Could you help me solve this error with multi-label classification

ValueError: Shapes (None, 3) and (None, 200, 3) are incompatible
I have 3 categories for different http attack

My code here:

X_data, y_data = np.array(processed_text), np.array(attack)
X_train, X_test, y_train, y_test = train_test_split(X_data, y_data, test_size = 0.25)

y_train = to_categorical(y_train, 3)
y_test = to_categorical(y_test, 3)

Embedding_dimensions = 100
Word2vec_train_data = list(map(lambda x: x.split(), X_train))
word2vec_model = Word2Vec(Word2vec_train_data,
vector_size=Embedding_dimensions,
workers=8,
min_count=5)

input_length = 200

tokenizer = Tokenizer(filters="", lower=False)
tokenizer.fit_on_texts(X_train)

X_train = tokenizer.texts_to_sequences(X_train)
X_test = tokenizer.texts_to_sequences(X_test)

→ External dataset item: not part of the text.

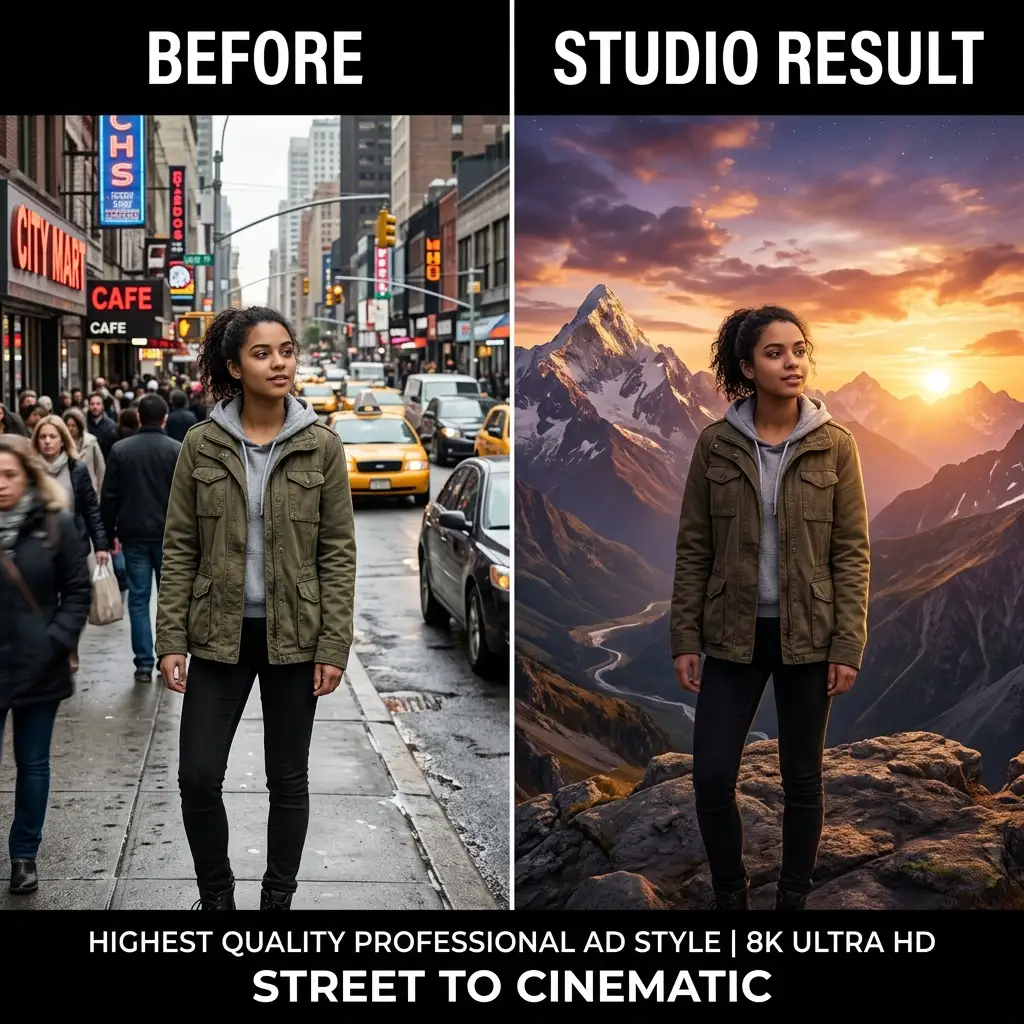 "Search millions of backgrounds, drop your subject, and compose. Transform a casual portrait into a breathtaking high-fashion piece or social content instantly."
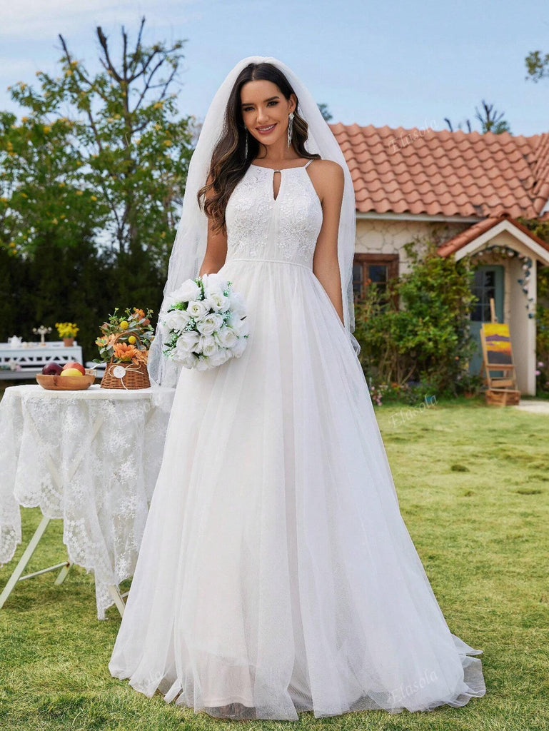 Elisanya Delicate Cold Shoulder Mesh Appliques Wedding Dress White Dress For Summer Garden Weddings Bride Dresses

vocab_length = len(tokenizer.word_index) + 1

X_train = pad_sequences(X_train, padding=‘post’, maxlen=input_length)
X_test = pad_sequences(X_test, padding=‘post’, maxlen=input_length)

embedding_matrix = np.zeros((vocab_length, Embedding_dimensions))

for word, token in tokenizer.word_index.items():
if word2vec_model.wv.contains(word):
embedding_matrix[token] = word2vec_model.wv.getitem(word)

embedding_layer = Embedding(input_dim = vocab_length,
output_dim = Embedding_dimensions,
weights=[embedding_matrix],
trainable=False)

model = Sequential([
Input(shape=(input_length,)),
embedding_layer,
Bidirectional(LSTM(100, dropout=0.3, return_sequences=True)),
Bidirectional(LSTM(100, dropout=0.3, return_sequences=True)),
Attention(return_sequences=True),
Dropout(0.2),
Dense(units=3,activation=‘softmax’),
],
name=“Model”)

model.compile(loss=‘categorical_crossentropy’, optimizer=‘adam’, metrics=[‘accuracy’])

history = model.fit(
X_train, y_train,
batch_size=128,
epochs=5,
validation_split=0.1,
verbose=1,
)

Hi @byka208, The error occurs due to the shape mismatch between y_train and the output layer of your model. Please ensure that your y_train shape matches the output layer shape. Thank You.